Two motorcycles are traveling due east with different velocities. However, 2.16 seconds later, they have the same velocity. During this 2.16-second interval, motorcycle A has an average acceleration of 1.30 m/s2 due east, while motorcycle B has an average acceleration of 19.4 m/s2 due east. (a) By how much did the speeds differ at the beginning of the 2.16-second interval, and (b) which motorcycle was moving faster?
To solve this problem, we need to use the equations of motion.

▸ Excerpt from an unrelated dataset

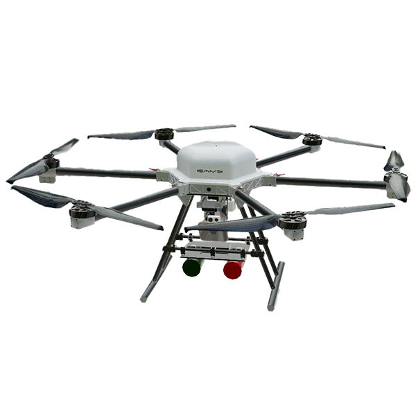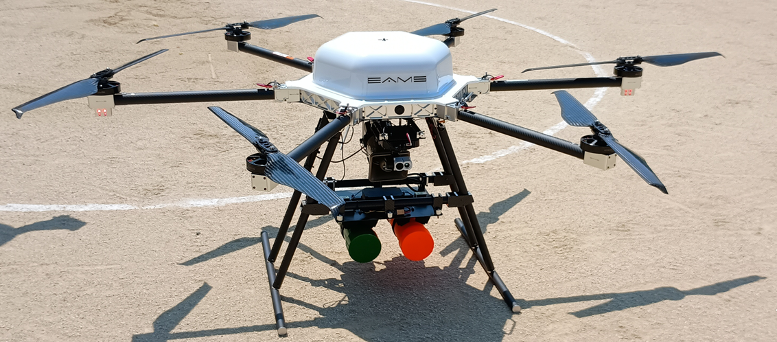 平時は鳥獣害対策、海・山での遭難者探索、有事は災害時の被災者探索を行う機能を有しているドローンです。 探索用サーモグラフィ付きカメラ、防災アナウンス用「スピーカー」、衛星電話などの物資機能を搭載しています。 上空カメラ映像をクリックすると地図上に測位するガーディアン機能を搭載しています。

Let's denote the initial velocities of motorcycle A and motorcycle B as V₀A and V₀B, respectively.
(a) To find the difference in speeds at the beginning of the 2.16-second interval, we can use the formula for calculating velocity:
Velocity (V) = Initial Velocity (V₀) + (Acceleration (a) × Time (t))
For motorcycle A:
V₀A = V₀A + (1.30 m/s² × 2.16 s)
Simplifying, we find:
V₀A = V₀A + 2.808 m/s
Similarly, for motorcycle B:
V₀B = V₀B + (19.4 m/s² × 2.16 s)
Simplifying, we find:
V₀B = V₀B + 41.904 m/s
Now, let's subtract the initial velocities to find the difference in speeds:
Difference in speeds = V₀B - V₀A
Difference in speeds = (V₀B + 41.904 m/s) - (V₀A + 2.808 m/s)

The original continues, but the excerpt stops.